Er ist mein Sportler-Geheimtipp für die kalte Jahreszeit: der Haferschleim. Zugegeben: Sexy ist der Name nicht, im Gegenteil. Da klingt Porridge oder Oatmeal schon ein bisschen attraktiver. Trotzdem wird der Brei, den meine Mutter uns aufzutischen pflegte, zu oft und zu Unrecht stiefmütterlich behandelt. Seinem unrühmlichen deutschen Namen zum Trotz ist der Haferschleim nämlich zugleich Leckerei und gesundes Sportlerfrühstück, egal, ob vor oder nach dem Training. Und mit ein bisschen Fantasie entpuppt er sich als regelrechtes Zmorge-Chamäleon, das sich je nach Lust und Laune verändern lässt und Naschkatzen wie mich ins Schwärmen bringt.

Das Grundrezept ist sogar für Küchenbanausen wie mich ein Kinderspiel:

0,5 Liter Milch oder Wasser – ebenfalls hervorragend schmeckt Hafer-, Mandel- oder Reismilch
100 g Haferflocken
Eine kleine Prise Salz
1 Teelöffel Honig oder Ahornsirup zum Süssen

Das Wasser oder die Milch erwärmen, Haferflocken dazugeben und rund 10 Minuten bei kleiner Hitze köcheln lassen. Regelmässig umrühren, bis die Masse eindickt. Das Salz beimischen und nach Gusto süssen.

Die Abwechslung machts

Beim Klassiker, den meine Mum jeweils servierte, gehört ein Teelöffel Zimt dazu. Doch der Winter ist lang und nach zwei, drei Tagen eine Abwechslung fällig. Hier einige Ideen dazu:

Muttis Brei kann mit Protein und Ballaststoffen angereichert werden, indem man den Haferflocken während des Kochens einen bis zwei Teelöffel Chiasamen beigibt oder ebenso viel verdauungsfördernde Leinsamen. Beide Varianten bieten indes in erster Linie dem Magen eine Abwechslung, sie verändern den Geschmack des Gerichts kaum.

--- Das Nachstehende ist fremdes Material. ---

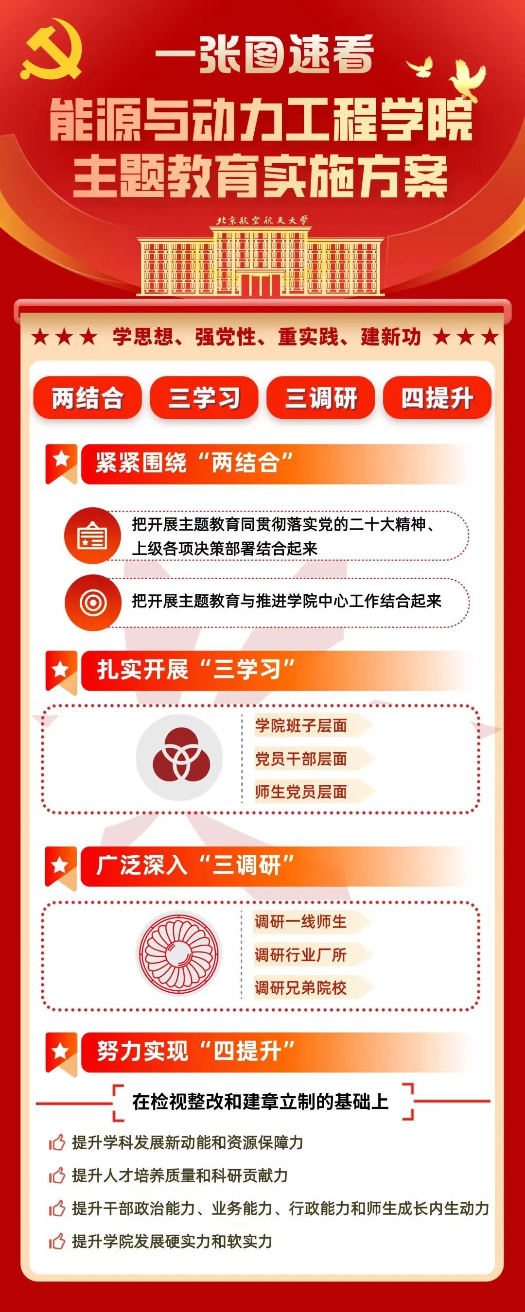 等5家兄弟单位开展联学,实质推动国际交流平台搭建、理工融合机制创新、交叉学科人才引进、加快条保建设等工作。全体支部书记联学备课、全覆盖宣讲,教师以支部系所、学生以支部班团为单位广泛开展学习活动。按照提前对接需求、制定合作备忘录、每月跟踪问效的调研模式,走访调研贵阳所、动研所、西航公司等7家厂所和北理工、哈工程、上交大等6所高校,形成7份调研成果报告,实施21项整改措施并推动全部按期销号,制定学科建设、校企合作等方面的8项新制度新机制,把主题教育成果转化为推动事业发展的能力和动力。

Das kann aber das Pulver von Proteinshakes: ein oder zwei Messlöffel vor Kochschluss unter den Brei mischen. Geschmacksache, aber die Shakes mit Vanille-Aroma eignen sich dafür besonders. Wer es natürlich mag, kann sich auch mit einem Vanillestengel behelfen: längs aufschneiden, Samen auskratzen und im fertigen Porridge dazumischen. Im Handumdrehen pimpen lässt sich der Brei aber auch mit einem oder zwei Suppenlöffeln Kokosraspeln.

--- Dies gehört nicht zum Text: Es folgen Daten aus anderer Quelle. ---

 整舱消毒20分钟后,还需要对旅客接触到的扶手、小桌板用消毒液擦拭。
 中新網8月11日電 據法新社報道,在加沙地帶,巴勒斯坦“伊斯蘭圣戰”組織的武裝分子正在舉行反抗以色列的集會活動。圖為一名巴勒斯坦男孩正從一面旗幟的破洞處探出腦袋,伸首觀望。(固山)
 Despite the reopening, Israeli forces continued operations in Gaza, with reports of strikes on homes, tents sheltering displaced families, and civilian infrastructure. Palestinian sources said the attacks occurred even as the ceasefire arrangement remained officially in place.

Kakaopulver macht das Morgenglück vollkommen

Ebenfalls sehr lecker und zudem einen Hauch frischer macht ihn ein Apfel: Einfach in den kochenden Brei reinraspeln. Aber auch Bananen eignen sich hervorragend als Zutat, und zwar in verschiedensten Varianten: In Rondellen geschnitten oder zerdrückt kurz vor Kochschluss beigeben. Oder, wenn es ein bisschen aufwendiger und schicker sein darf: Die Bananen längs aufschneiden, in der Bratpfanne mit Butter kurz anbraten und auf den Brei legen.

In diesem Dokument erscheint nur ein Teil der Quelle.